• Problem requirements
Copy every line of the data below exactly as given, except for the pictures.

• Supplied information
----------

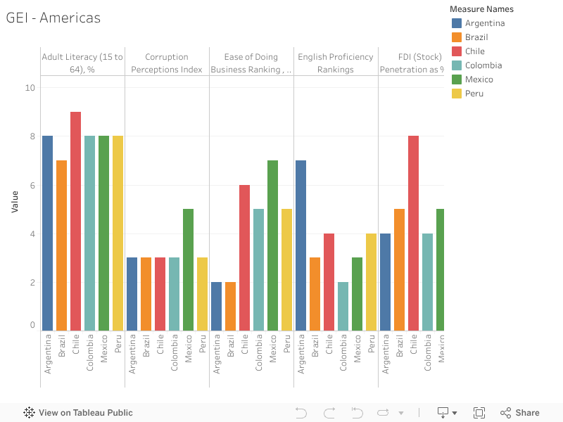 The Americas were led by Mexico (18) and Chile (20), and further down the list, Brazil (29) and Argentina(25). The contrast between Mexico and Brazil is instructive: each with large populations but a different set of education profiles and increasingly divergent economic paths in light of Brazil’s deepening recession. Separately, Chile has emerged as a relatively strong investment case within the Americas, surpassing Argentina and gaining ground this year.Peru (35) and Colombia (44) rank in the middle of the GER. On a global basis, nearly all countries from the Americas fell in relative ranking from 2016 levels, the most dramatic of which being Colombia.
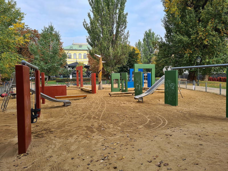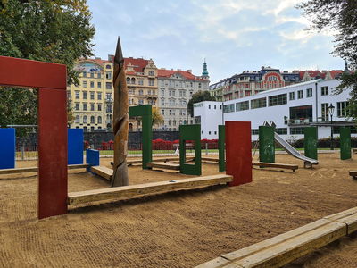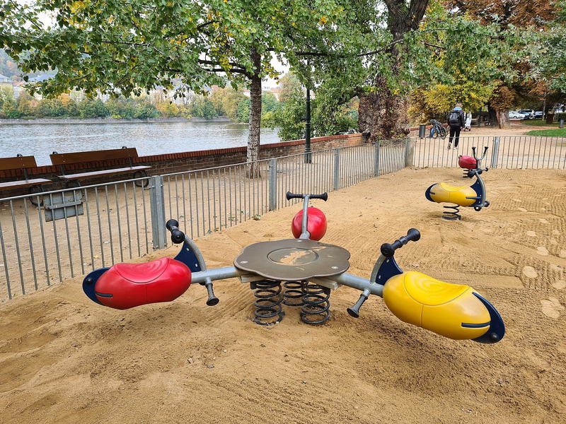 Dětské hřiště v centru Prahy na Slovanském ostrově.
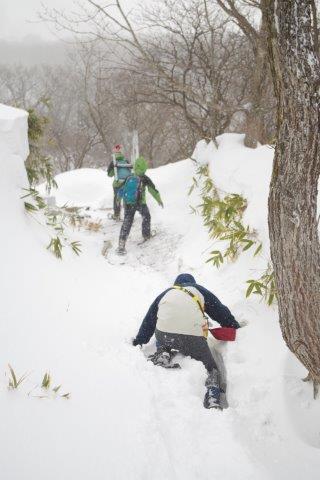 (1m以上の積雪の上を関係者で巡視中)
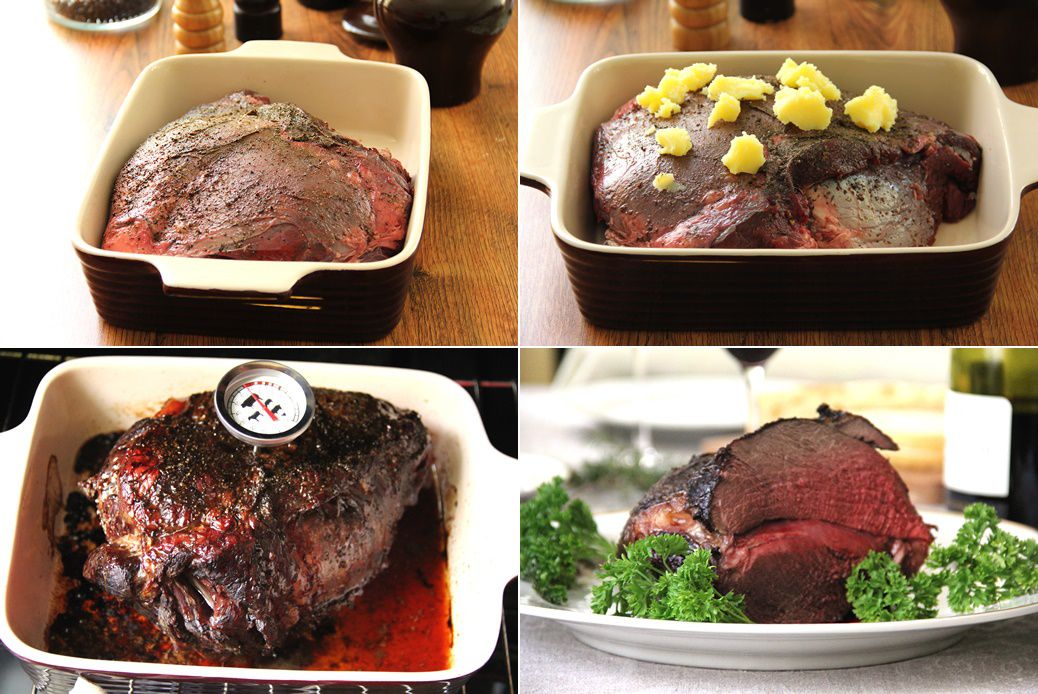 Соль, перец, чабер, можжевеловые ягоды, душистый перец и лавровый лист смешать с вином. Натереть мясо лося смесью специй с вином, завернуть в пищевую пленку и оставить в холодильнике на 12—24 ч. Выложить мясо в керамическую форму, обложить кусочками топленого масла и поставить в разогретую до 180°С духовку на 1 час, затем убавить температуру до 160°С и продолжить запекание ещё 1 час. Время от времени поливать мясо образовавшимся соком. Готовое мясо (идеальная температура внутри куска 65°С, если любите мясо «без крови», то время запекания увеличить на 30 минут) переложить на блюдо, украсить зеленью, нарезать на порции. Подавать с яблочным мармеладом, брусничным вареньем или грибным соусом.

----------

• Completed task
 The Americas were led by Mexico (18) and Chile (20), and further down the list, Brazil (29) and Argentina(25). The contrast between Mexico and Brazil is instructive: each with large populations but a different set of education profiles and increasingly divergent economic paths in light of Brazil’s deepening recession. Separately, Chile has emerged as a relatively strong investment case within the Americas, surpassing Argentina and gaining ground this year.Peru (35) and Colombia (44) rank in the middle of the GER. On a global basis, nearly all countries from the Americas fell in relative ranking from 2016 levels, the most dramatic of which being Colombia.
 Dětské hřiště v centru Prahy na Slovanském ostrově.
 (1m以上の積雪の上を関係者で巡視中)
 Соль, перец, чабер, можжевеловые ягоды, душистый перец и лавровый лист смешать с вином. Натереть мясо лося смесью специй с вином, завернуть в пищевую пленку и оставить в холодильнике на 12—24 ч. Выложить мясо в керамическую форму, обложить кусочками топленого масла и поставить в разогретую до 180°С духовку на 1 час, затем убавить температуру до 160°С и продолжить запекание ещё 1 час. Время от времени поливать мясо образовавшимся соком. Готовое мясо (идеальная температура внутри куска 65°С, если любите мясо «без крови», то время запекания увеличить на 30 минут) переложить на блюдо, украсить зеленью, нарезать на порции. Подавать с яблочным мармеладом, брусничным вареньем или грибным соусом.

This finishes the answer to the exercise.